A Review on Evolution, Current Trends and Future Scope of MEMS Piezoresistive Pressure Sensor

A Review on Evolution, Current Trends and Future Scope of MEMS Piezoresistive Pressure Sensor

Kirankumar B. Balavalad,

Dept. of Electronics & Communication Engieenring, Basaveshwar Engineering College,

Bagalkot, karnataka, India. (Affiliated to VTU, Belagavi)

B. G. Sheeparmatti,

Dept. of Electronics & Communication Engieenring, Basaveshwar Engineering College,

Bagalkot, karnataka, India. (Affiliated to VTU, Belagavi)

Abstract Piezoresistive pressure sensors are the first MEMS devices to be commercialized. They work on the principle of change in resistivity of materials due to applied pressure. Literature reports lot of work and development in this area of sensing mechanisms. This paper provides a review on evolution of these sensors right from thin metal film based technology to the semiconductor technology. The paper presents the current trends in the design and use of piezoresistive pressure sensor. The paper also presents the future scope form these sensors which, will be around the extensive use of materials like SOI, SiC, DLC, CNT and Silicon Nanowires.
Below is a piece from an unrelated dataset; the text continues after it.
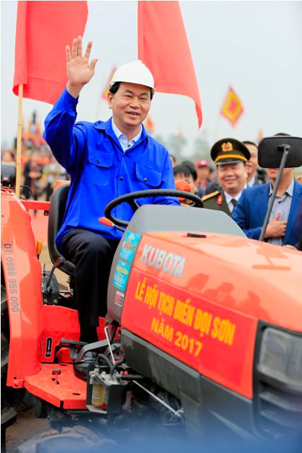 Chủ tịch nước Trần Đại Quang lái máy cày ở Lễ hội Tịch Điền
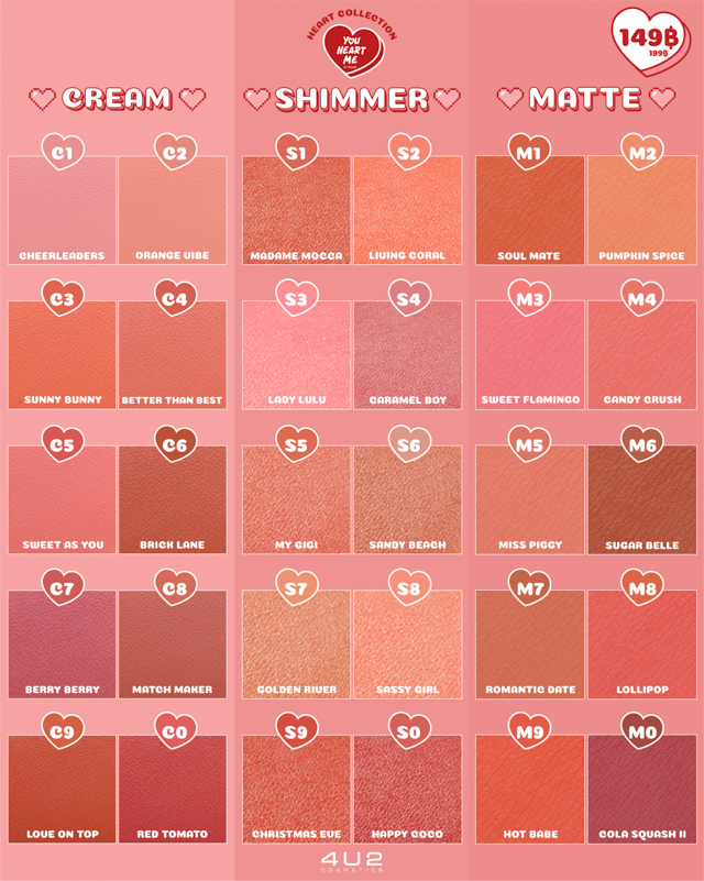 บลัชออน รุ่น YOU HEART ME รับประกันความพอใจ ด้วยเฉดสีเยอะมาก ถึง 30 เฉด แบ่งเป็น

Keywords MEMS, Piezoresistance, Pressure sensor, SOI, SiC, DLC, CNT.

1. INTRODUCTION

   Pressure sensors are used for control and monitoring in thousands of everyday applications. Various types of pressure sensors do exist, which can be classified based on the sensing mechanism as, Force collector type of pressure sensors. Capacitive type uses a diaphragm and pressure cavity to create a variable capacitor to detect strain due to applied pressure, capacitance increases as pressure deforms the diaphragm. Common technologies use metal, ceramic, and silicon diaphragms. Resonant type uses the changes in resonant frequency in a sensing mechanism to measure stress, caused by applied pressure. Thermal type uses the changes in thermal conductivity of a gas due to density changes to measure pressure. Ionization type measures the flow of charged gas particles which varies due to density changes to measure pressure. Common examples are the Hot and Cold Cathode gauges. Piezoresistive strain gauge type uses the piezoresistive effect of bonded or formed strain gauges to detect strain due to applied pressure, resistance changes as pressure deforms the material. Common technology types are Silicon (single crystalline), Polysilicon, thin film, and bonded metal foil. Piezoresistive pressure sensors are one of the very-first products of MEMS technology. These sensors are widely used in biomedical applications, automotive industry and household appliances.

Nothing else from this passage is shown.